For all their subtle teeming life, it remains forests are places which know death constantly, that rely on it in fact for the ongoing promulgation of their life systems. The most notable human participation in death’s function in a wood or grove nowadays presents itself via the mostly lamentable pastimes of logging and hunting. The former most often takes the form of outright annihilation—the severe alteration of the environment into a non-forest: something unrecognizable, or even just “not”—while the latter, though distasteful to many forest lovers, visits a far more negligible impact. Yet the endgame of both actions is “caused death,” which is really a form of murder. I continue to count a number of hunters and loggers among my friends, despite the fact I consider them death dealers by virtue of their craft. And I myself—having grown up on a farm and cut short the life of many a tree and creature—would be remiss not to acknowledge my complicity in such actions. But then we might say something similar of undertakers and doctors who specialize in terminal maladies. There is, after all, an art in the way a being chooses to render death; there is too an art of dying. And at least one of those blank canvases will be set before each of us, ready or not, at a certain time, appropriate or not, during the course of one’s life.

Remember that setting predominantly is important in a narrative because it draws the reader into your written world. Setting can also be like another character in your story; it can make things happen.

Keep in mind, too, that setting should be a pleasurable creative exercise rather than a chore.
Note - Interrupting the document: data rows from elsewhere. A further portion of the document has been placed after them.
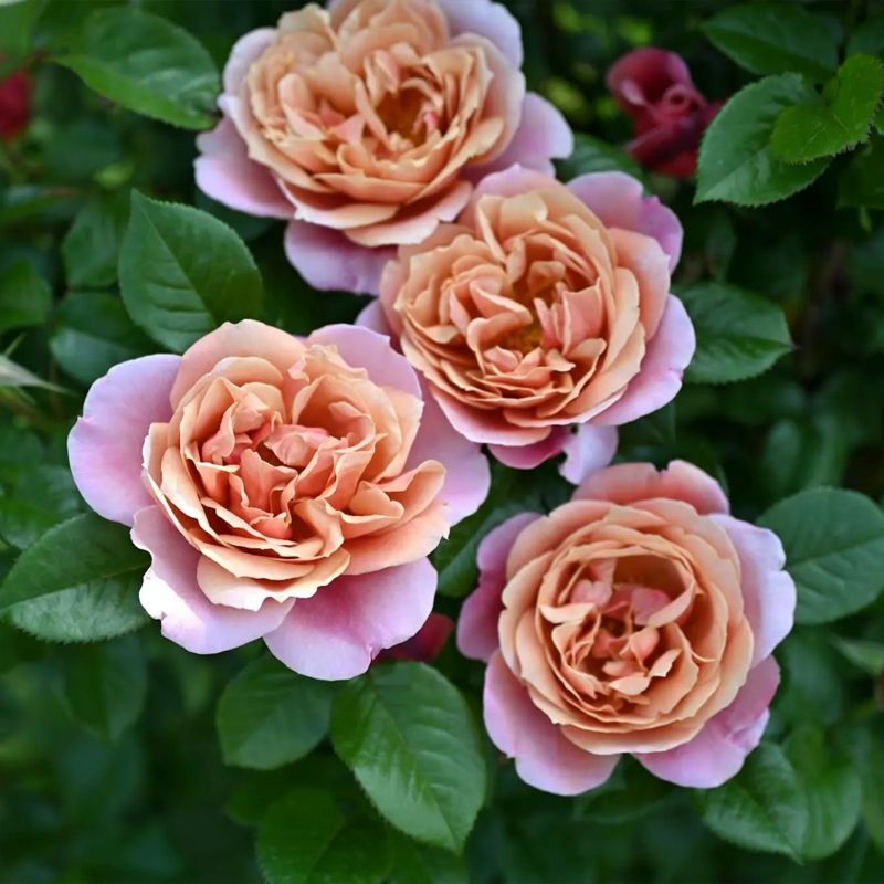 明るいブラウンからピンク色のグラデーションの中大輪花。勢いの良い元気な枝が直立で茂るブッシュ樹形。コンパクトで鉢植えでも育てやすく、耐病性も強い。
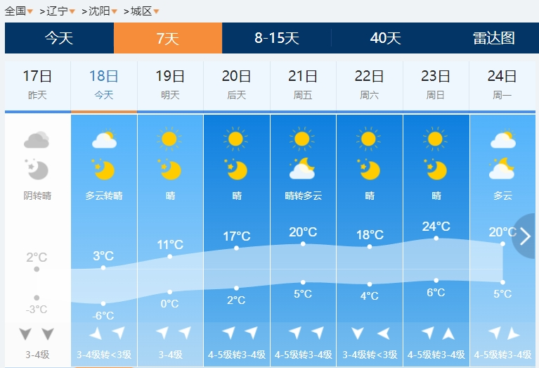 城市中,南北方都不乏升温猛烈的“尖子生”,升温過後的暖意遠超常年同期。像是瀋陽,今天最高氣温僅有3℃左右,明天將躥升至11℃上下,之後一直到23日,最高氣温將三步並兩步衝到24℃,達到常年5月中下旬的氣温水平。
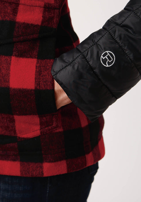 Women's Combo Jacket * Quilted Nylon Pieced W/Wool Blend Plaid * Poly Filled * Stand Up Collar * Zip Front W/Reflective Pull * Large Patch Pockets W/Snap Closure & Side Hand Entry * Back Body Princess Seams * Rounded Hem * Screened Logo
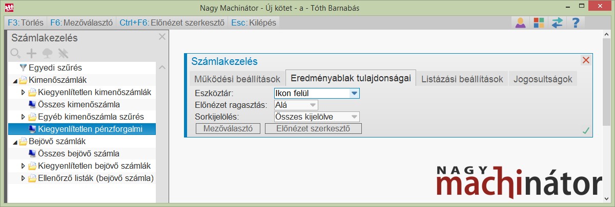 Az eredményablak működését meg lehet változtatni tulajdonságok ablakban.
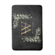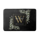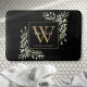 Tapis de bain élégant à monogramme de feuilles de verdure à l'aquarelle moderne avec une initiale de monogramme doré avec votre nom écrit en lettres blanches classiques sur fond noir. Conçu par Thisisnotme©
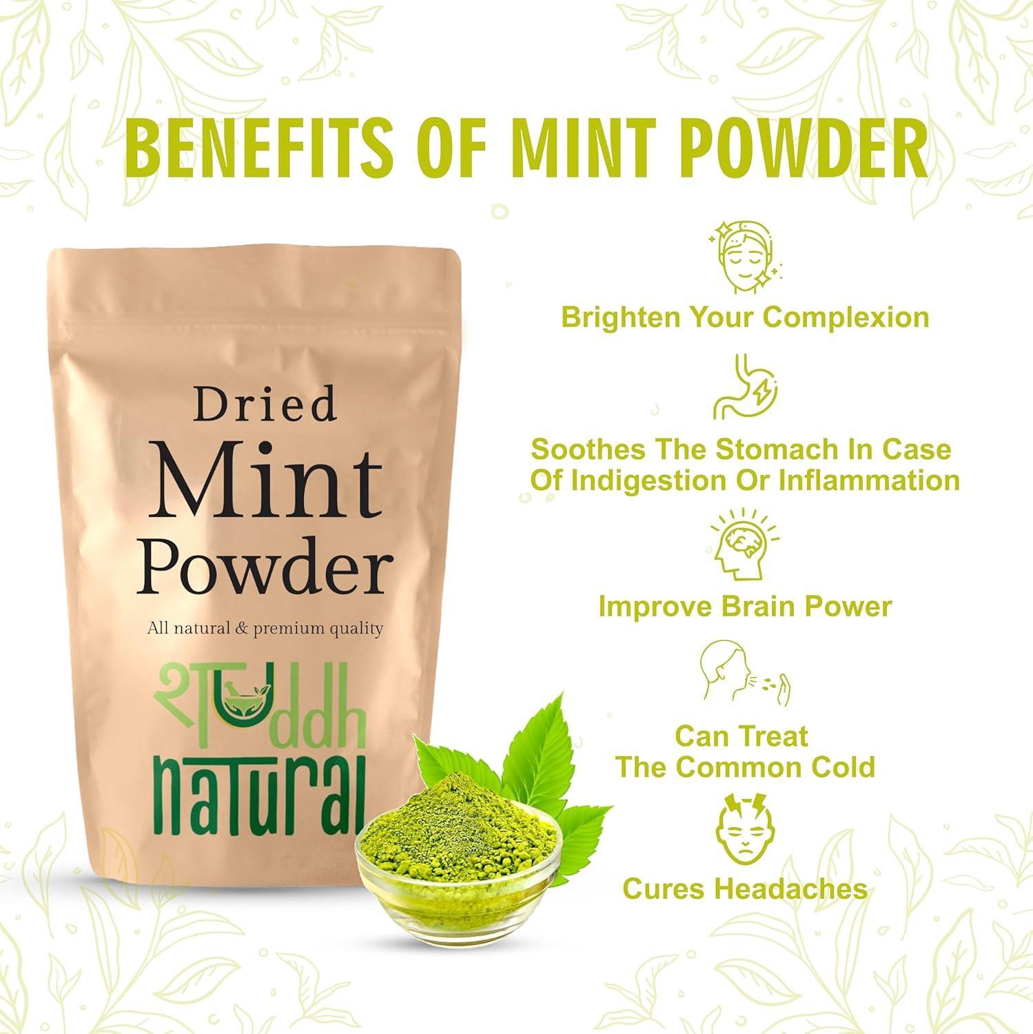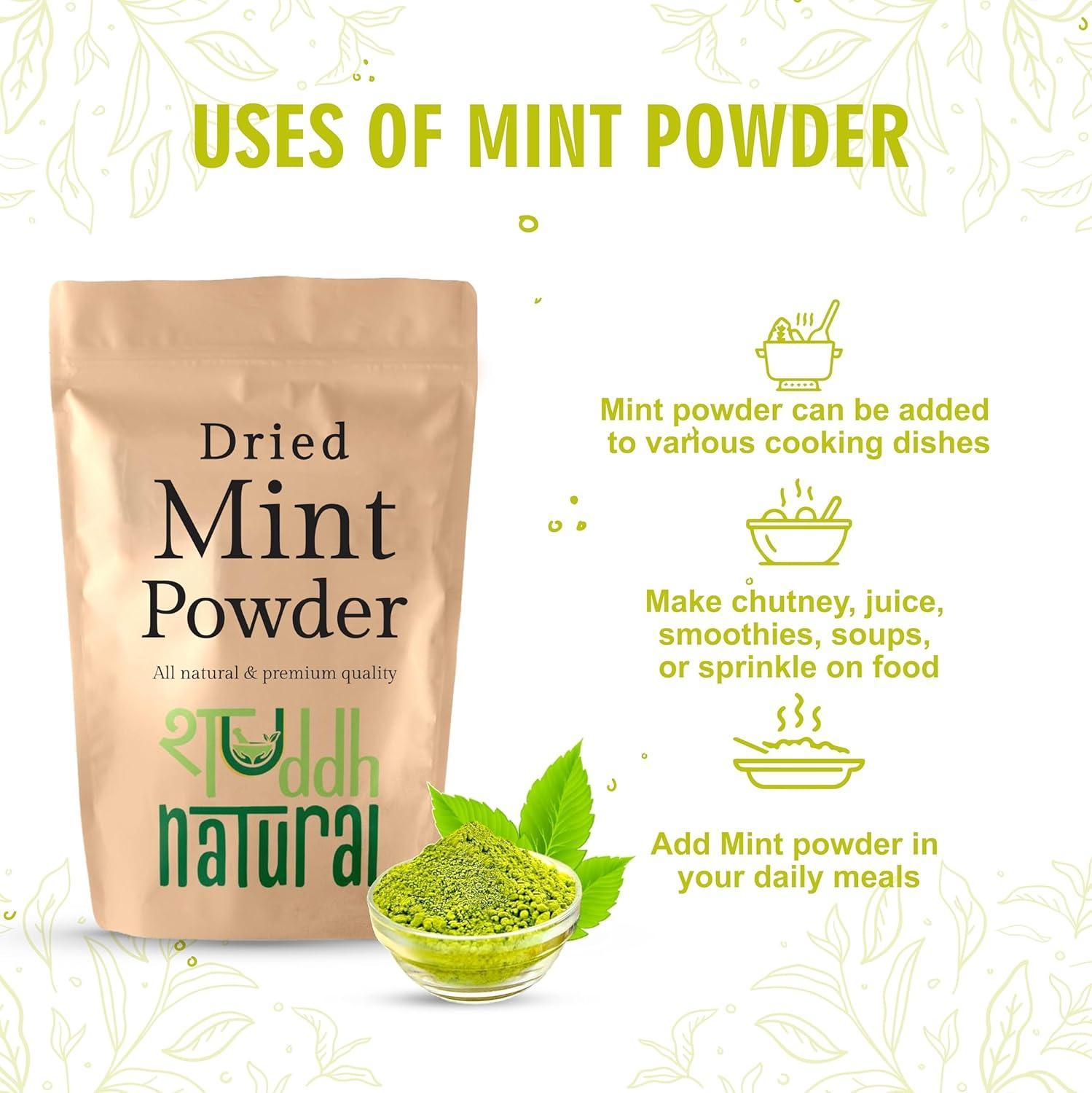 Shuddh Natural Mint powder - an essential ingredient for both culinary creations and skincare routines. From DIY beverages to teas, juices, and various dishes, our mint powder offers a refreshing addition to your everyday life.

It can be quite fun developing a world consisting largely of your own whims and preferences.

Lastly, remember that the story of your world—of your own particular setting—often is a wonderful and inspiring place to start your story.

The least you need to know

·  Setting is its own functioning world and should appear lifelike.

·  Photos can help you order and detail your setting.

·  Settings should emit a sense of atmosphere that gives readers feelings and impressions about what they’re reading.

·  Settings should be intertwined with action to help propel your narrative.